Surgery aims to remove all visible disease from the abdomen, a procedure called complete cytoreductive surgery. Because DSRCT tends to coat abdominal surfaces rather than form a single removable mass, this surgery can be extensive. Both chemotherapy and complete surgical removal have been associated with improved survival, making them the cornerstones of treatment. Whole abdominal radiation therapy is sometimes added after surgery, though its benefit is less clearly established.
When the cancer returns or stops responding to initial treatment, second-line chemotherapy options include different drug combinations. These regimens have shown activity against resistant disease, but responses tend to be shorter than with first-line treatment.

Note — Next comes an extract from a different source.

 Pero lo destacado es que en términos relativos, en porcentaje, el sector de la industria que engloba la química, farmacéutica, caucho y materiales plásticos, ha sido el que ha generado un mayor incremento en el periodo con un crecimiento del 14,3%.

Prognosis and Long-Term Outlook
DSRCT carries a difficult prognosis. It is one of the more aggressive sarcomas, and the five-year survival rate remains low, generally estimated in the range of 15% to 25% depending on the extent of disease and how completely it can be surgically removed. Patients who achieve complete surgical removal after chemotherapy tend to do meaningfully better than those with residual disease. In one institutional series, patients whose scans showed no remaining disease after treatment had progression-free survivals ranging from 2 to 10 years.
Recurrence is common even after apparently successful treatment. In the same series, one patient developed lung metastases three years after diagnosis despite initial response. Follow-up typically involves regular imaging, often combining PET/CT scans with contrast-enhanced CT. PET/CT has proven particularly useful when standard imaging findings are unclear, helping distinguish scar tissue from active tumor.

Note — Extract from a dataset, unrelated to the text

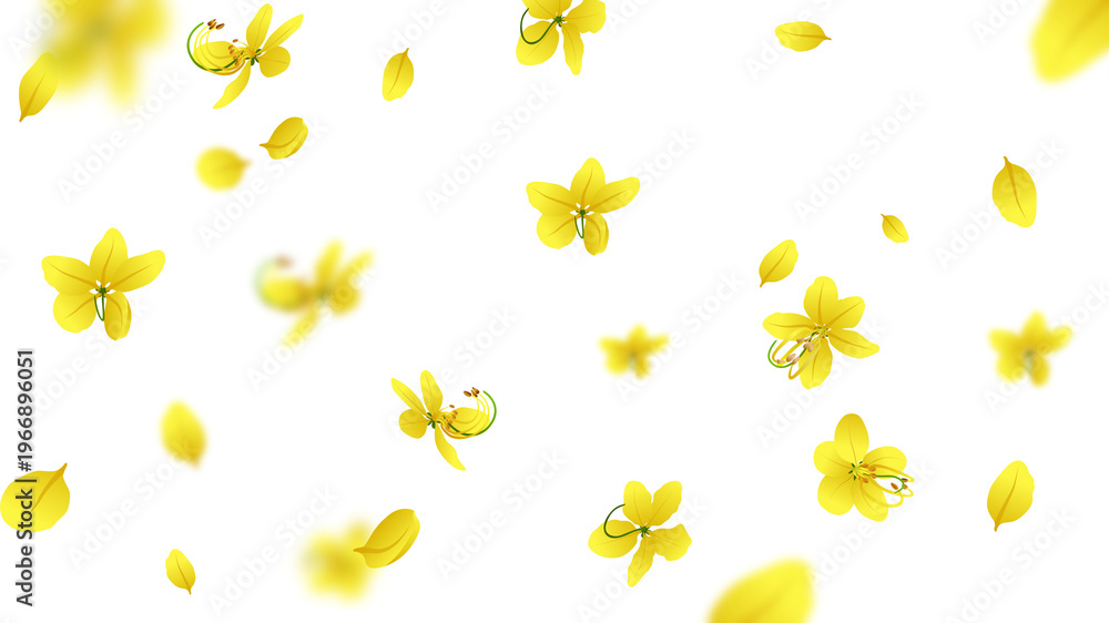 • Falling Kanikkonna, Golden Shower or Cassia Fistula flowers and petals on transparent background, Kerala Vishu festival illustration
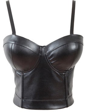 A classic bustier constructed from vegan leather, featuring a built-in demi and adjustable strap, hook and eye closure back.

Targeted Therapies Under Investigation
Because DSRCT is driven by a single fusion protein, researchers are working to develop treatments that attack the cancer’s specific molecular vulnerabilities. Several approaches are moving toward or into clinical trials. Some target proteins that the fusion gene forces the cancer to depend on, including growth factor receptors and cell-cycle regulators. Others use immunotherapy strategies aimed at surface markers that DSRCT cells display at unusually high levels, such as a protein called B7-H3. There is also interest in therapies that target fragments of the fusion protein itself, training the immune system to recognize and destroy cells carrying it. Combination strategies pairing these targeted approaches with existing chemotherapy are a particular focus.